AS Green activists gather in Glasgow this weekend for our spring conference, there will be a shiver of excitement in the air. Partly that’s because they read the same polls you did yesterday, showing the independence argument on a knife-edge. Partly it’s because we see that issue looking more and more likely to offer Scotland an escape route from the UK’s Brexit nightmare.

But mostly it’s because as we look around the room at each other in the conference hall, we’ll know that out there in the crowd are the candidates who will comprise our biggest ever group of elected Green politicians in just eight weeks’ time. Following the huge surge in our membership over recent years we’re fielding a far bigger number of candidates in this year’s council elections than we have ever selected before. They’re working with the most active local ward teams we’ve ever had, and the voting intention poll which came out alongside the independence one suggested that we’re capable of a record result.

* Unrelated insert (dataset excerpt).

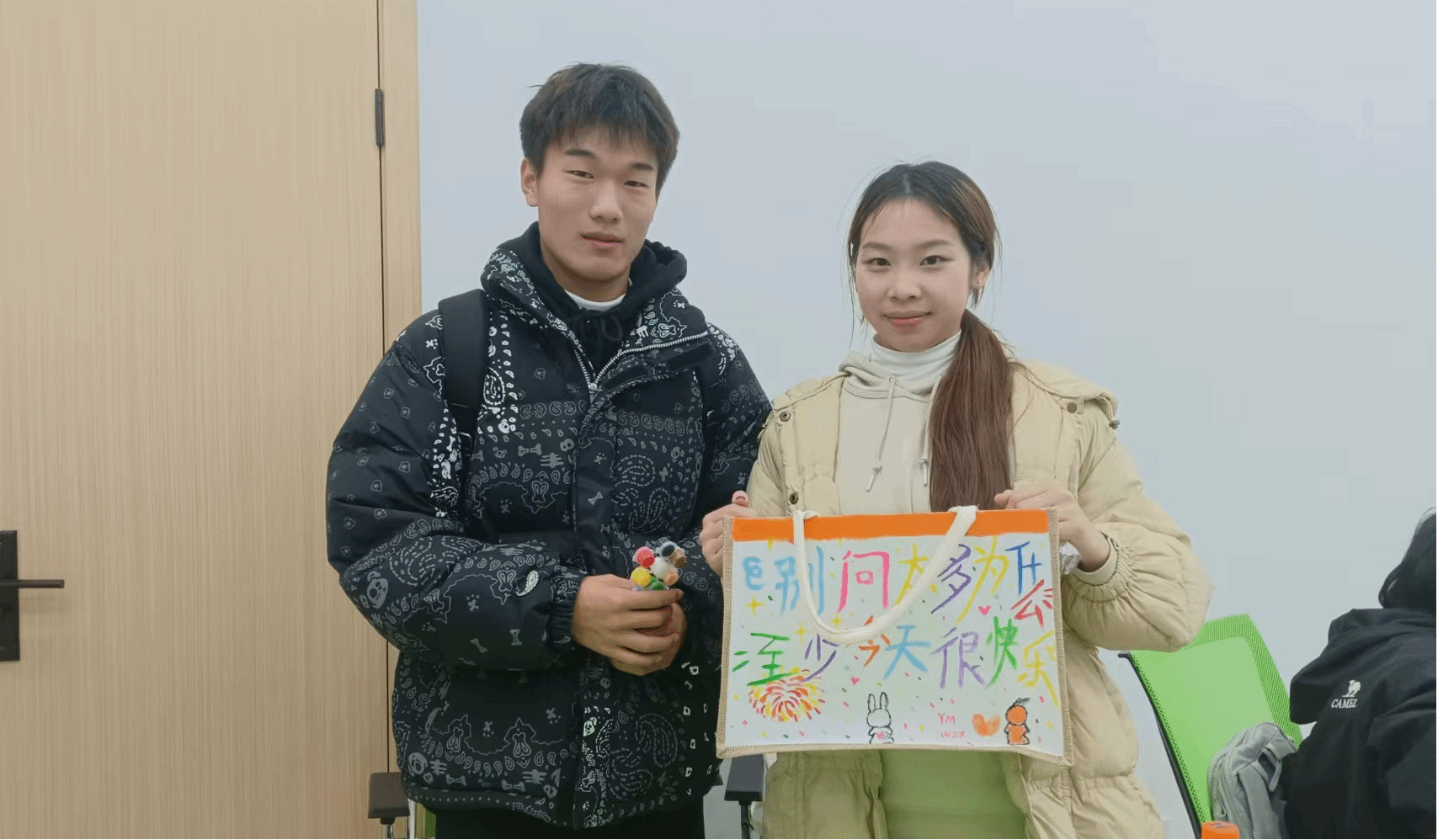右手握着涂满丙烯颜料的画笔笔杆,左手指尖按压着纯白的帆布包,新闻传播学类专业2024(6)班贾婧怡缓缓勾勒出“祝我们好在冬天”的字样,随后用鲜明的天蓝色颜料为底填充涂满。“选择这句话,是因为它代表了我对即将到来的冬天的美好期待,以及与朋友们在寒冷季节里相聚的温暖愿望。”她坦言,在绘画的过程中,她内心中感到一种前所未有的专注和平静,仿佛与外界隔绝,只有心灵与画布的对话。

As the campaign rolls on we’ll be keen to remind people that the fair voting system for Scotland’s council elections means whether your first preference is for a big party or a smaller one you’ll never waste your vote, and never risk helping the parties you oppose. The preference system means that if your first choice gets more votes than they need, or gets knocked out of the running, your support shifts to your next choice.

We’ll also make the case that Greens have a track record of working constructively in a balanced parliament, and that we can offer the same positive attitude to local politics. Where negotiation is possible, we focus on making a real practical difference to people’s lives, just as we did in securing an extra £160 million for council services in the Holyrood budget debates recently.

We know that this extra cash going straight into every local council in Scotland means that a great many damaging cuts under consideration have been shelved. That will protect services ranging from meeting pupils’ additional support needs in schools, right through to parks and public spaces.

Even when agreement can’t be reached, it’s not for the want of trying. This week’s education debate was a good example; though we couldn’t reach agreement with the government it wasn’t for the want of trying, and our attitude was always about putting forward positive proposals, rather than seeking to defeat the government out of opportunism. I’m sure that government ministers aren’t happy when agreement isn’t possible, but they know that we’ll keep making serious efforts to achieve common ground.

And of course the Brexit nightmare I mentioned earlier will impact on our local councils too; a great many of the social and environmental standards which flow from EU cooperation are put into practice at local level, so our campaigns will be resolute in protecting these standards and doing what it takes to preserve Scotland’s relationship with Europe.

Perhaps the biggest message we’ll aim to get across as our council candidates hit the campaign trail is about the kind of local government Scotland needs, and the need to put real power back in people’s hands. Often we in Scotland like to compare ourselves with those other small, independent northern European countries we admire so much. But as well as independence they have something else – vibrant local democracy. With genuinely local councils which have the ability to make real choices about their community and their local economy, these countries make participation in local decision making seem like a normal, worthwhile thing to do.

That’s the kind of empowered local politics Scotland could really benefit from. But instead we have a controlling attitude at the centre. Instead of really local councils letting communities make their own choices, we have big regional bodies which feel remote from towns, villages and even from urban communities. Instead of giving councils the power to make free decisions about local taxation, we see rate-capping imposed on them in the way we all used to condemn the Conservatives for doing. Instead of letting them invest in the local economy, we constrain their finances and their legal powers.

And instead of replacing the antique, unfair and broken system of Council Tax with a modern alternative, we leave them struggling to manage the tax machinery which progressive political parties used to condemn with a loud and united voice.

So as well as setting out what Green councillors will do within their local areas, we’ll also campaign nationally for a new settlement for local government. My colleague Andy Wightman is today publishing proposals for a Fiscal Framework between the Scottish Government and the country’s councils, and Green voices at all levels of politics will be champions of the renewed local democracy that will put power back into people’s hands.